◆ **What you are asked to do**: Print the lines that start the entries and continue through the one holding "นายก อบจ.สงขลา กล่าวต้อนรับ", please, exactly and with the pictures omitted.

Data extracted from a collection
[Start of Attachment]
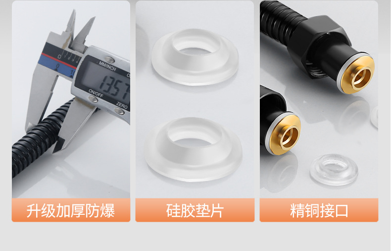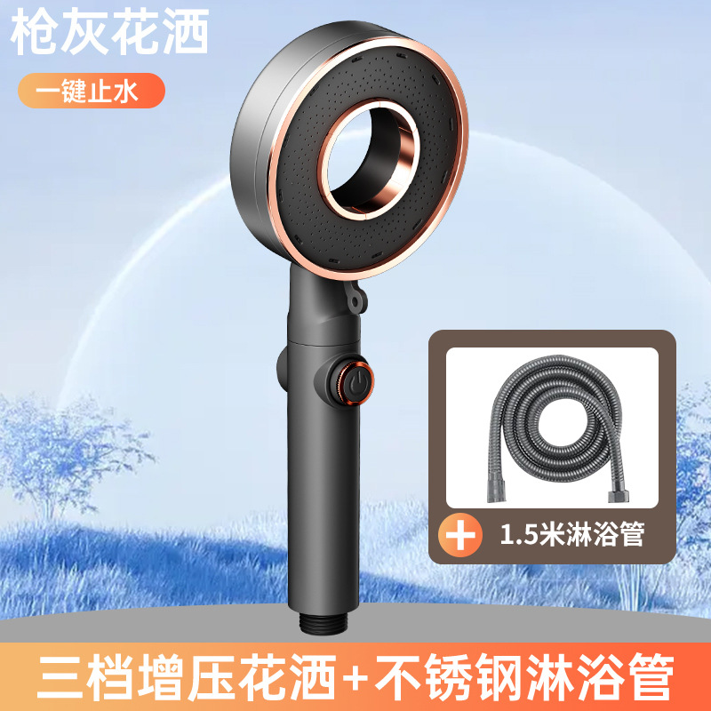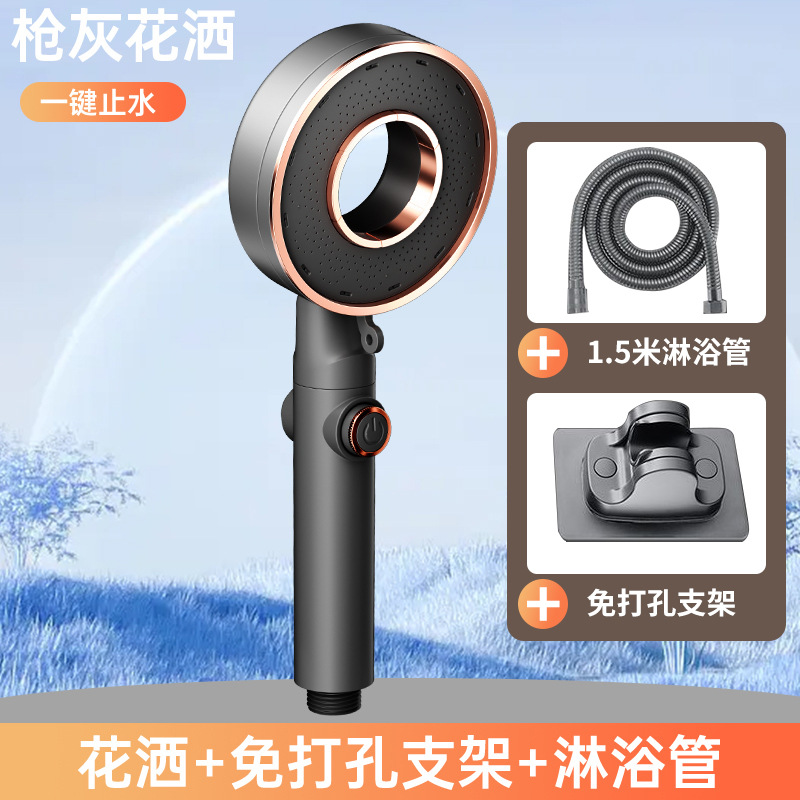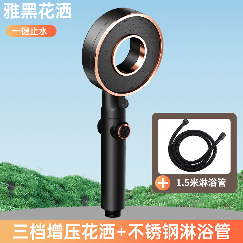 • [블랙] 도넛 3단 핸드헬드 샤워기 + 1.5m 샤워파이프 + 샤워홀더
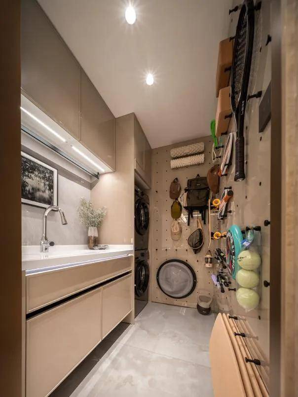 家政间采用模块化仓储系统设计,可实现洗衣机 + 烘干机叠放,同时为清洁工具、换季杂物、日用囤货预留了专属收纳位,关上门就能彻底隔绝家务杂乱。
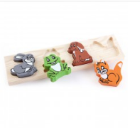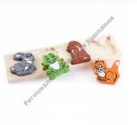 • В наборе деревянная основа с фигурными углублениями для зверушек.
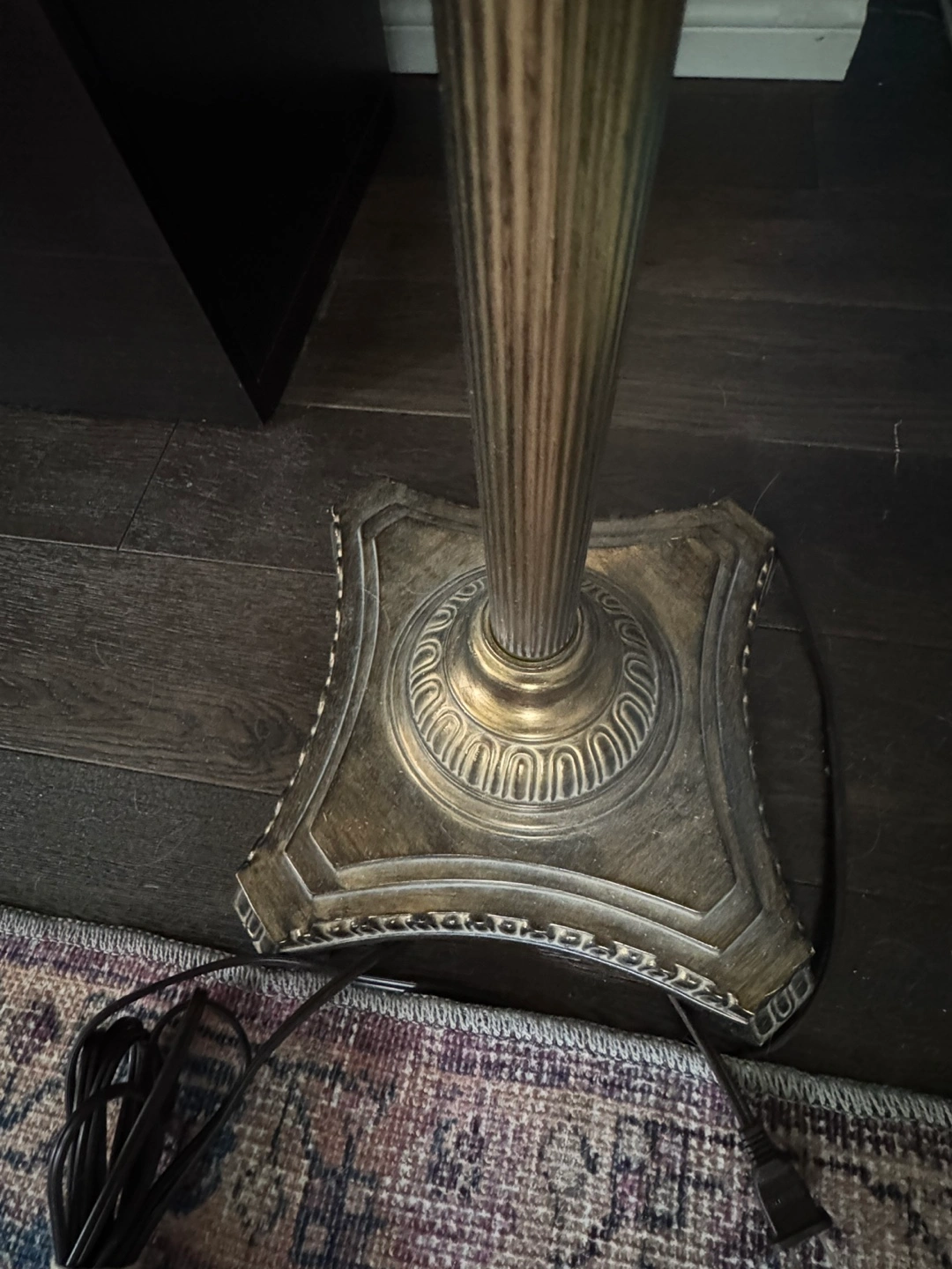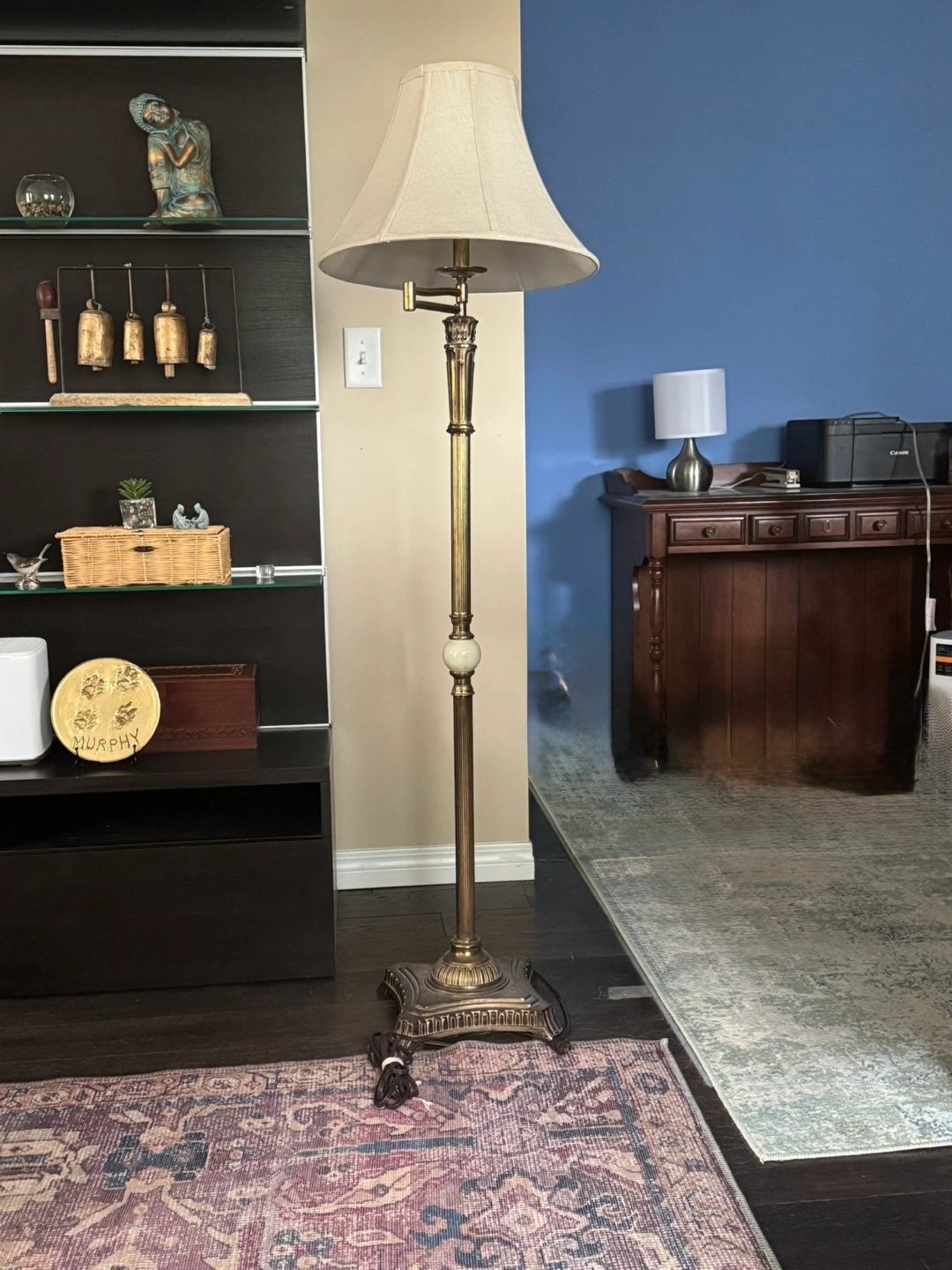 Beautiful floor lamp, gold finish. Features a cream-coloured lampshade. Adjustable arm. Ornate base. Great for living room or bedroom. This item is free because the switch is broken. Maybe someone has the talent to fix it.
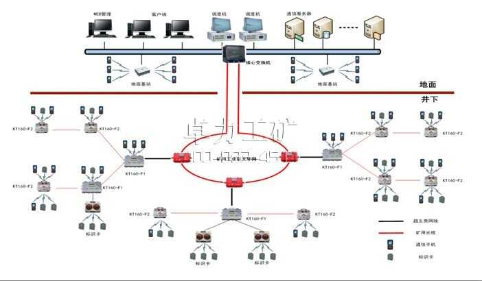 KT160礦用無線通信系統(tǒng)(以下簡稱“KT160系統(tǒng)”),是適用于對煤礦井下和井上的手機(jī)進(jìn)行監(jiān)控與管理的綜合性系統(tǒng)。該系統(tǒng)通過光纖及網(wǎng)絡(luò)交換機(jī)完成地面服務(wù)器與井下設(shè)備的數(shù)據(jù)交換,通過快速的數(shù)據(jù)傳輸實現(xiàn)將井下或井上的不同基站下的手機(jī)的互聯(lián)互通,即可節(jié)約資源又方便管理,該系統(tǒng)適用于各類大、中、小型礦井。本系統(tǒng)采用統(tǒng)一標(biāo)準(zhǔn)的工業(yè)以太網(wǎng)絡(luò)架構(gòu),為人員位置監(jiān)測與管理、數(shù)字化視頻監(jiān)控、各種井下傳感器(例如:瓦斯)數(shù)據(jù)的統(tǒng)一采集與綜合處理提供了一個共用的網(wǎng)絡(luò)平臺,實現(xiàn)語音、視頻、數(shù)據(jù)的三網(wǎng)合一,為生產(chǎn)調(diào)度、應(yīng)急救援、安全監(jiān)控與督查提供了科學(xué)手段。
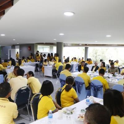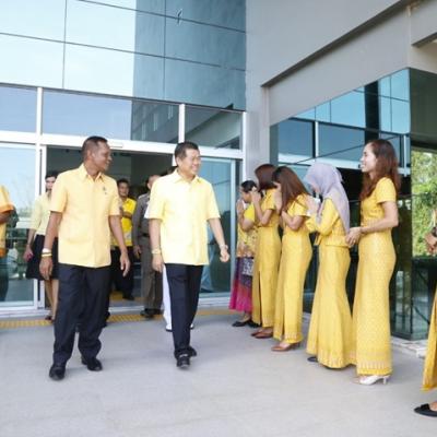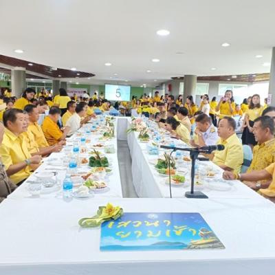 นายก อบจ.สงขลา กล่าวต้อนรับ หัวหน้าส่วนราชการต่างๆ ที่มาร่วมกิจกรรม เสวนายามเช้า ณ อาคารศูนย์บริบาลผู้สูงอายุ อบจ.สงขลา
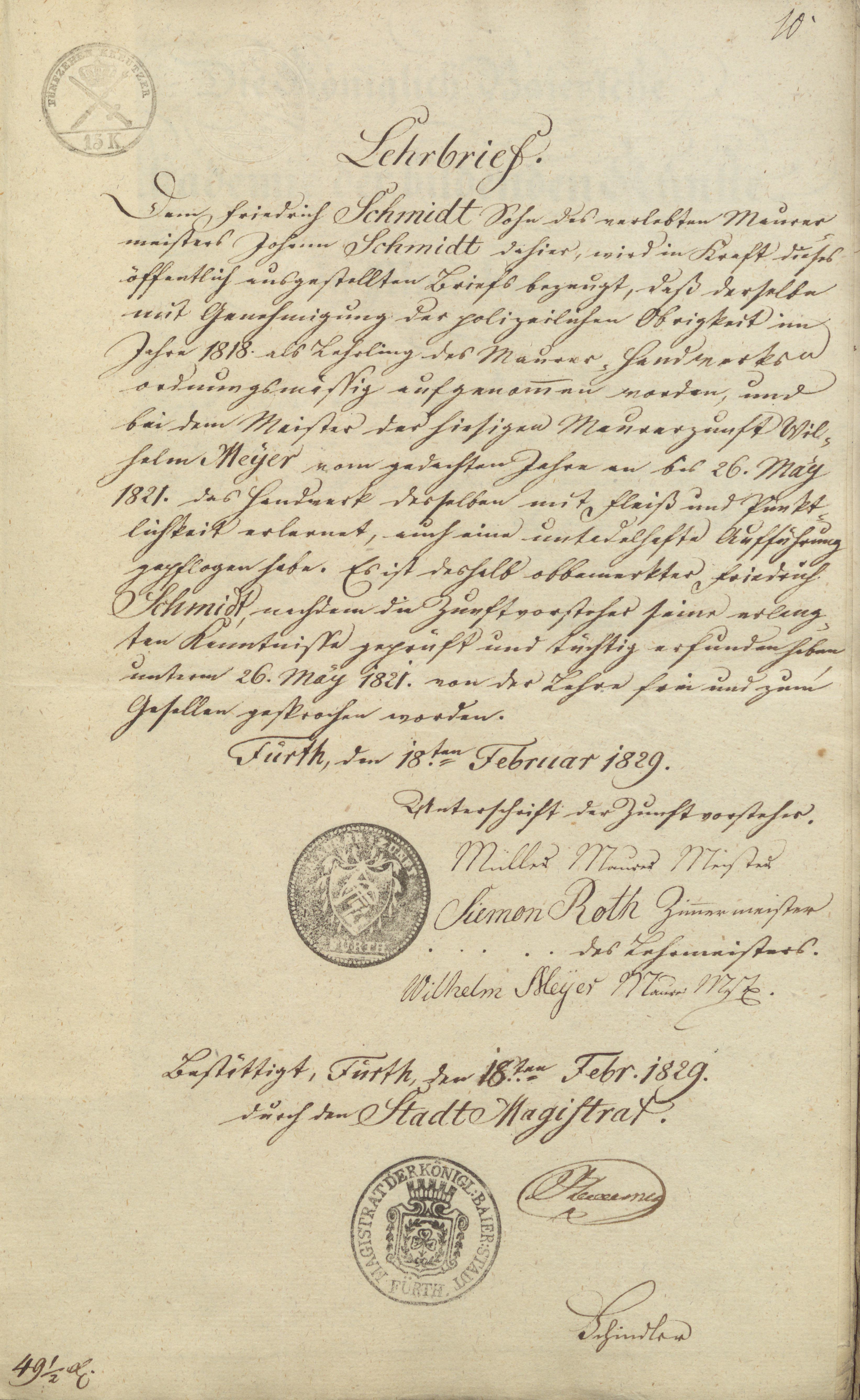 | Dateiinfo (Bild-Unterschrift und Info-Box, automatisch erstellt) | Lehrbrief für den Maurergesellen Friedrich Schmidt vom 18. Feb. 1829 Lizenz: Bildlizenz-Stadtarchiv | ||
[End of Attachment]
◆ **Written answer**:
 • [블랙] 도넛 3단 핸드헬드 샤워기 + 1.5m 샤워파이프 + 샤워홀더
 家政间采用模块化仓储系统设计,可实现洗衣机 + 烘干机叠放,同时为清洁工具、换季杂物、日用囤货预留了专属收纳位,关上门就能彻底隔绝家务杂乱。
 • В наборе деревянная основа с фигурными углублениями для зверушек.
 Beautiful floor lamp, gold finish. Features a cream-coloured lampshade. Adjustable arm. Ornate base. Great for living room or bedroom. This item is free because the switch is broken. Maybe someone has the talent to fix it.
 KT160礦用無線通信系統(tǒng)(以下簡稱“KT160系統(tǒng)”),是適用于對煤礦井下和井上的手機(jī)進(jìn)行監(jiān)控與管理的綜合性系統(tǒng)。該系統(tǒng)通過光纖及網(wǎng)絡(luò)交換機(jī)完成地面服務(wù)器與井下設(shè)備的數(shù)據(jù)交換,通過快速的數(shù)據(jù)傳輸實現(xiàn)將井下或井上的不同基站下的手機(jī)的互聯(lián)互通,即可節(jié)約資源又方便管理,該系統(tǒng)適用于各類大、中、小型礦井。本系統(tǒng)采用統(tǒng)一標(biāo)準(zhǔn)的工業(yè)以太網(wǎng)絡(luò)架構(gòu),為人員位置監(jiān)測與管理、數(shù)字化視頻監(jiān)控、各種井下傳感器(例如:瓦斯)數(shù)據(jù)的統(tǒng)一采集與綜合處理提供了一個共用的網(wǎng)絡(luò)平臺,實現(xiàn)語音、視頻、數(shù)據(jù)的三網(wǎng)合一,為生產(chǎn)調(diào)度、應(yīng)急救援、安全監(jiān)控與督查提供了科學(xué)手段。
 นายก อบจ.สงขลา กล่าวต้อนรับ หัวหน้าส่วนราชการต่างๆ ที่มาร่วมกิจกรรม เสวนายามเช้า ณ อาคารศูนย์บริบาลผู้สูงอายุ อบจ.สงขลา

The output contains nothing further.